Items from a dataset →
------------------------------------------------------------

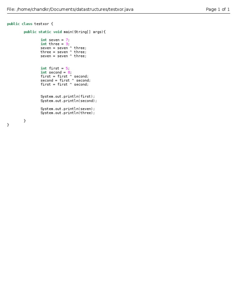 Java XOR Swap Example Code | PDF | Teaching Methods & Materials | Computers
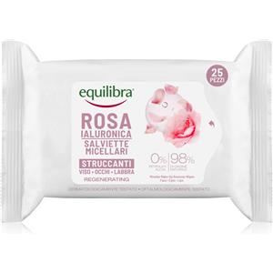 Equilibra Rosa Ialuronica - Salviette Micellari Struccanti in Tessuto Naturale con Acido Ialuronico e Acqua di Rosa Fermentata, 25 Pezzi
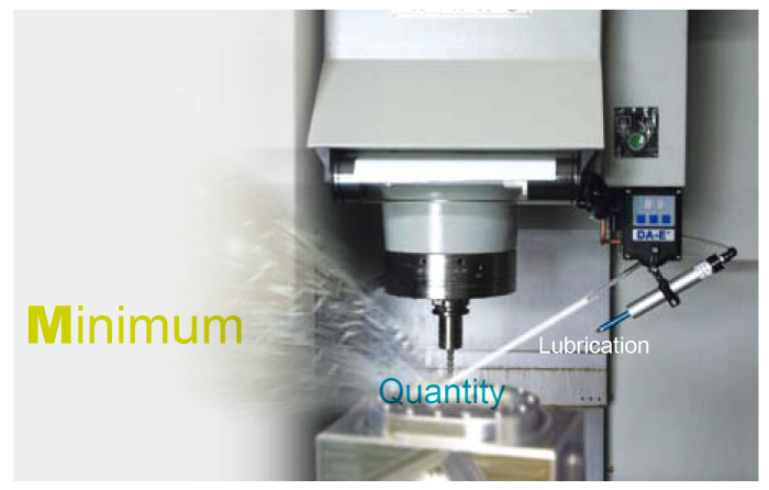 搭載 CS - 50 伸縮噴嘴可改善在數控加工中心機上使用 的 MQL 微量潤滑系統其噴嘴需設在刀具前端 ,更換刀 具長短不一時噴嘴無須操作員重新調整 。
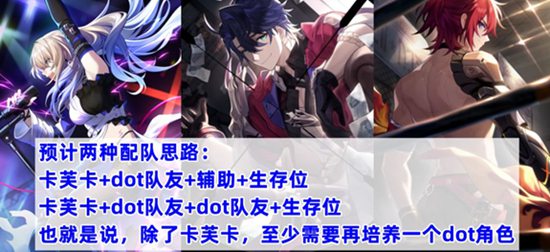 2.因此,只要抽卡芙卡,基本不用担心没有队友,更需要关心的是有没有资源培养。目前来看,卡芙卡的常规配队思路有两种,一种是搭配一个dot角色+辅助+生存位,另一种是搭配两个dot角色+生存位。也就是说,至少要培养一个dot角色,加上卡芙卡就是两个,如果之前没培养希露瓦或者桑博,短期内的养成压力肯定是有的。
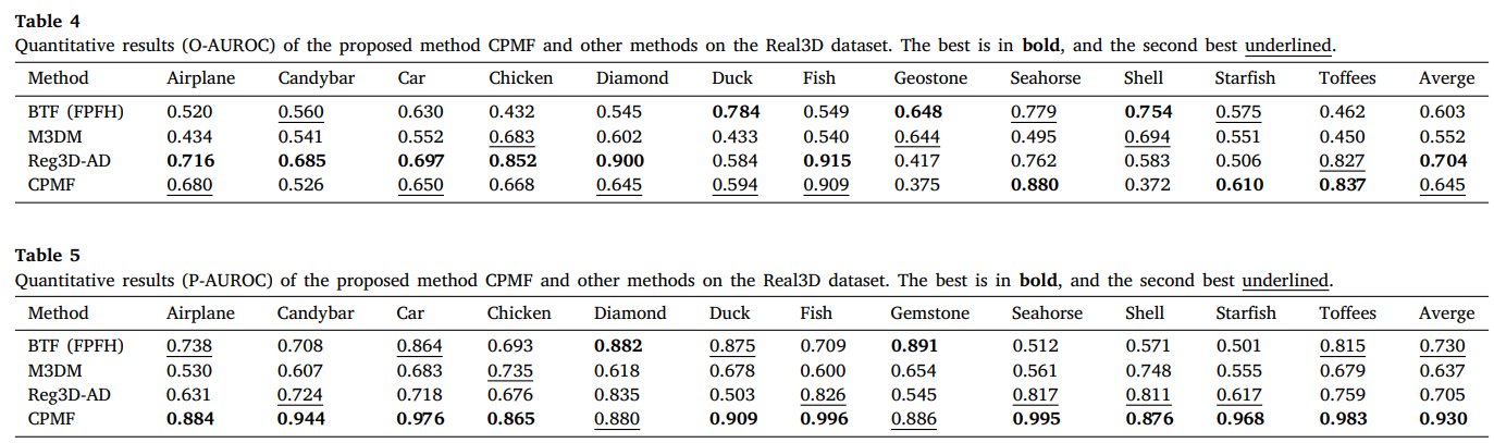 CPMF는 MVTec 3D와 Real3D 데이터셋에서 기존 방법을 능가하는 성능을 보여줌.

------------------------------------------------------------

YOUR TASK → Aside from the pictures, copy all of the entries exactly.

ANSWER FOR THE TASK →
 Java XOR Swap Example Code | PDF | Teaching Methods & Materials | Computers
 Equilibra Rosa Ialuronica - Salviette Micellari Struccanti in Tessuto Naturale con Acido Ialuronico e Acqua di Rosa Fermentata, 25 Pezzi
 搭載 CS - 50 伸縮噴嘴可改善在數控加工中心機上使用 的 MQL 微量潤滑系統其噴嘴需設在刀具前端 ,更換刀 具長短不一時噴嘴無須操作員重新調整 。
 2.因此,只要抽卡芙卡,基本不用担心没有队友,更需要关心的是有没有资源培养。目前来看,卡芙卡的常规配队思路有两种,一种是搭配一个dot角色+辅助+生存位,另一种是搭配两个dot角色+生存位。也就是说,至少要培养一个dot角色,加上卡芙卡就是两个,如果之前没培养希露瓦或者桑博,短期内的养成压力肯定是有的。
 CPMF는 MVTec 3D와 Real3D 데이터셋에서 기존 방법을 능가하는 성능을 보여줌.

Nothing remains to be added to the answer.